Art. 8 Designazione e presentazione
La designazione della denominazione di origine protetta “Salame Brianza” deve essere fatta in caratteri chiari e indelebili, nettamente distinguibili da ogni altra scritta che compare in etichetta ed essere immediatamente seguita dalla menzione “Denominazione di Origine Protetta”.
Entrambe le suddette menzioni sono intraducibili.
Può inoltre comparire la sigla DOP in altra parte dell’etichetta nel medesimo campo visivo. Per il prodotto destinato ai mercati internazionali può essere utilizzata la menzione “Denominazione Origine Protetta” nella lingua del paese di destinazione. Tali indicazioni sono abbinate inscindibilmente al logo identificativo della denominazione.

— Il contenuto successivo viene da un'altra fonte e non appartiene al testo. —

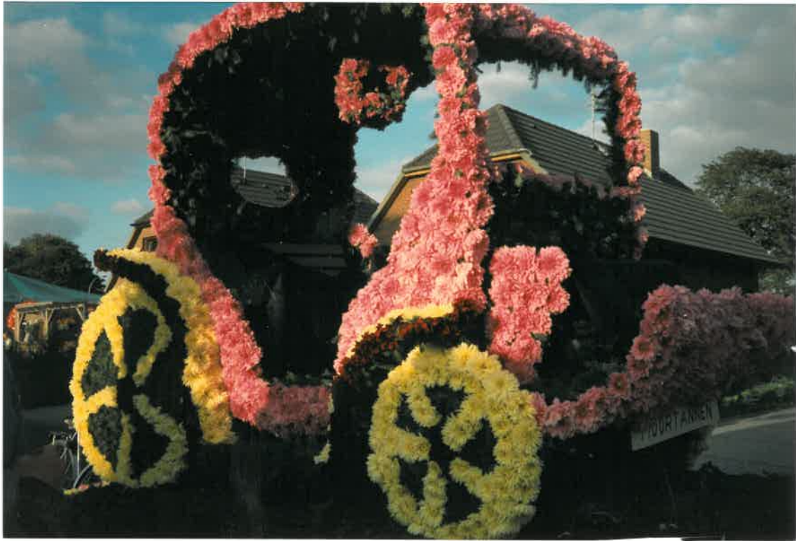
oben: Korsowagen der Moortanneu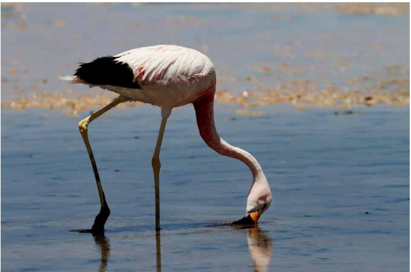
"Flamenco Andino", andisk flamingo eller flamingo från Anderna.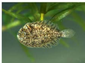
1 Achirus scutum Pleuronectiformes - Achiridae "Lenguado"

La provincia de Los Ríos está ubicada en la región costa o litoral del Ecuador. Presenta un clima tropical con temperaturas que oscilan entre los 22 a 33 °C. Debido a que su relieve es plano ha favorecido mucho a las actividades agrícolas y la construcción de infraestructura de riego y control de inundaciones; lo que también ha propiciado una gran destrucción de sus ecosistemas naturales terrestres y acuáticos. Sin embargo, aun presenta una gran variedad de flora y fauna principalmente asociada a los ecosistemas acuáticos. Presenta un sistema hidrográfico muy denso considerando el tamaño de la provincia. Los principales ríos que conforman este sistema son: Babahoyo, Caracol, Catarama, Ventanas, Macul, Zapotal, Vines, Quevedo, y varios humedales denominados Abras de Mantequilla. Presenta un recorrido de norte a sur y se une al gran río Guayas antes de desembocar en el Océano Pacífico. Dado el desconocimiento de la ictiofauna, existe un gran interés científico sobre este grupo de fauna de aguas interiores del Ecuador y ha sido motivo de estudio de naturalistas e investigadores durante los últimos años. Sin embargo se ha prestado poco interés sobre las potencialidades de este recurso. Este trabajo se realizó principalmente dentro del marco de estudios ambientales propiciados por los proyectos de riego y control de inundaciones de la provincia de Los Ríos.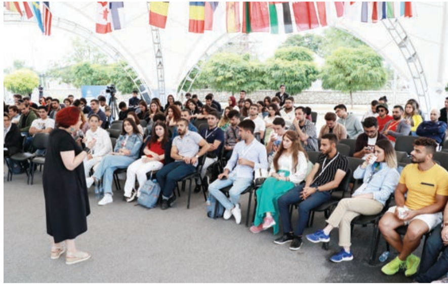
mə prosesinin müxtəlif istiqamətləri barədə tövsiyələr səsləndirilib. Sonra panel iştirakçılarında Dövlət Komitəsinin diaspor gəncləri ilə bağlı

Diaspor sahəsində şəbəkələşmənin mühüm amil olduğunu vurğulayan çıxışçılar bildiriblər ki, düşərgə iştirakçılarının bu prosedə fəal iştirakı, tarixi vətənlərini yaşadıkları ölkələrdə yüksək səviyyədə təmsil etmələri böyük əhəmiyyət kəsb edir. Şəbəkələş-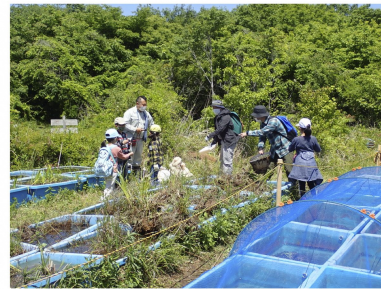
B(コンテナ) グループ②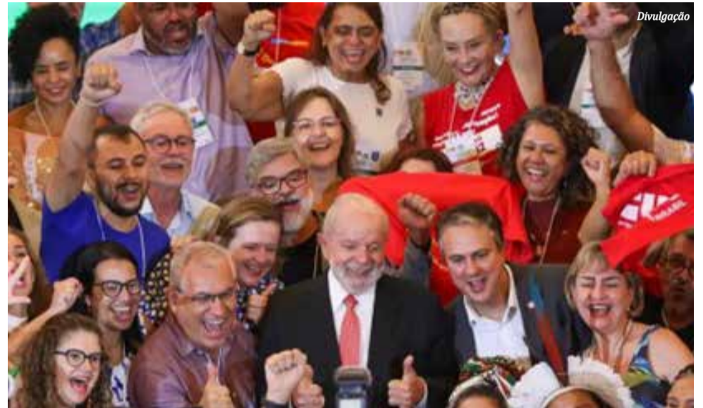
Presidente Lula, que não foi na aula, pediu apoio aos professores para eleições de 2024 durante encerramento da etapa nacional da Conae 2024.

Um membro da Faculdade de Educação da UnB recebeu R$ 13.960,70 para integrar a Comissão de Acolhimento da Conae. Além disso, duas professoras da instituição receberam pagamento no mesmo valor. Outros nove servidores da UnB receberam R$ 8.497,74 por serviços prestados. Foram aproximadamente R$ 477 mil gastos apenas com pagamentos a pessoas físicas. Os dados foram tirados do Portal da Transparência da Finatec, que é uma fundação de apoio da Universidade de Brasília,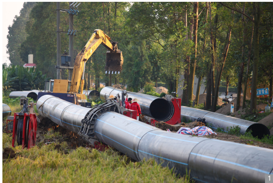
-1- 《造福桑梓》 ——新会城区优质供水工程》 光圈 4.0, 快门 1/320 秒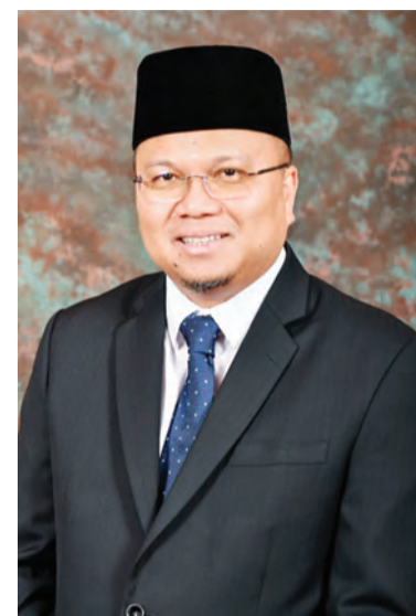
PERUTUSAN Yang Berhormat Menteri Kesihatan sempena Sambutan Hari Kanser Sedunia 2021.

Oleh itu, ujar Yang Berhormat, orang ramai adalah sangat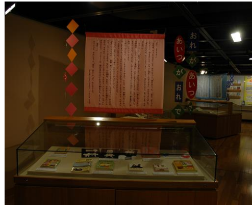
「児童読物作家・山中恒－子どもと物語で遊ぶ」展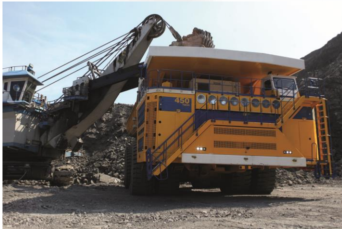
Карьерный самосвал БЕЛАЗ-75710 грузоподъемностью 450 тонн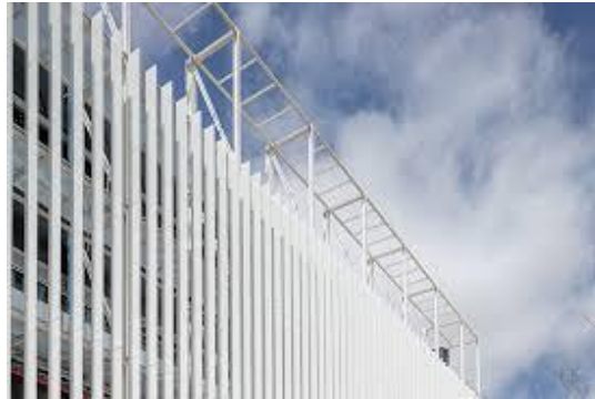
Gambar 8. Area polivalente dell'ospedale Moisès Broggi

Penerangan alami yang memadai dari bukaan dan skylight, dikombinasikan dengan pencahayaan buatan yang hangat dan tidak menyilaukan, dapat mendukung ritme sirkadian pasien, mengurangi kecemasan, dan meningkatkan mood.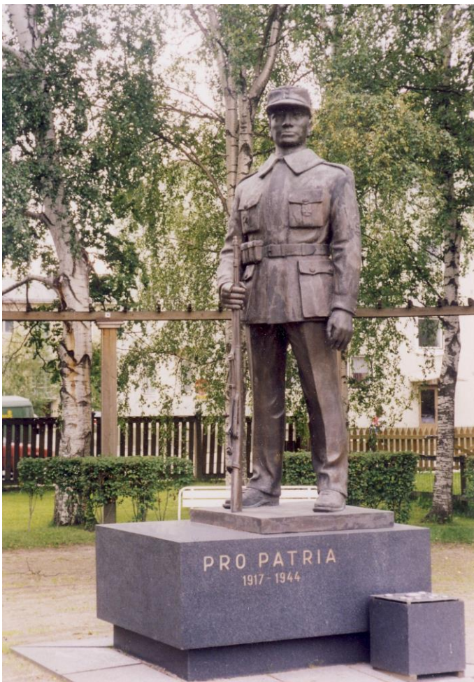
Kuva 5. Patsas sijaintipaikallaan.

Helsingin kaupungin linjan johdosta työvaliokunta kokoontui 28.11. pohtimaan muita vaihtoehtoja. Jo syksyllä patsastoimikuntaan olivat olleet yhteydessä mm. Seinäjoen ja Lapuan kaupungit sekä Luumäen kunta, jotka kaikki ilmaisivat halukkuutensa saada patsas omalle paikkakunnalleen. Käytyään 3.12. neuvotteluja Seinäjoen kaupungin edustajien kanssa patsastoimikunnan puheenjohtajisto esitti yksimielisenä patsaan sijoittamista Seinäjoelle. Seinäjoen kaupunginhallitus käsitteli asian, ja päätti äänin 8–3 aloittaa valmistelut patsaan pystyttämiseksi. Tekninen virasto sai tehtäväkseen selvittää patsalle sopivia paikkoja. Patsaan paikan muuttuminen pääkaupungista Seinäjoelle ei kuitenkaan hillinnyt lehdis- tökeskustelua ja toimikunta sai vastaanottaa monenlaista ”kansalaispalautetta”. 86

È vietata I’aggiunta di qualsiasi qualificazione non espressamente prevista.
È tuttavia consentito l’utilizzo di indicazioni che facciano riferimento a nomi o ragioni sociali o marchi privati purché non abbiano significato laudativo o tali da trarre in inganno l’acquirente, nonché l’eventuale nome di aziende suinicole dai cui allevamenti il prodotto deriva, purché la materia prima provenga interamente dai suddetti allevamenti.
Qualora il logo sia direttamente stampato sull’etichetta delle ditte produttrici, i quantitativi di etichette, controllati dall’Organo indicato all’art. 7, debbono corrispondere ai quantitativi di materia prima avviata alla produzione del “Salame Brianza”.
II “Salame Brianza” può essere commercializzato sfuso ovvero confezionato sottovuoto o in atmosfera modificata, intero, in tranci o affettato. Le operazioni di confezionamento, affettamento e porzionamento devono avvenire, sotto la vigilanza della struttura di controllo indicata all’art. 7.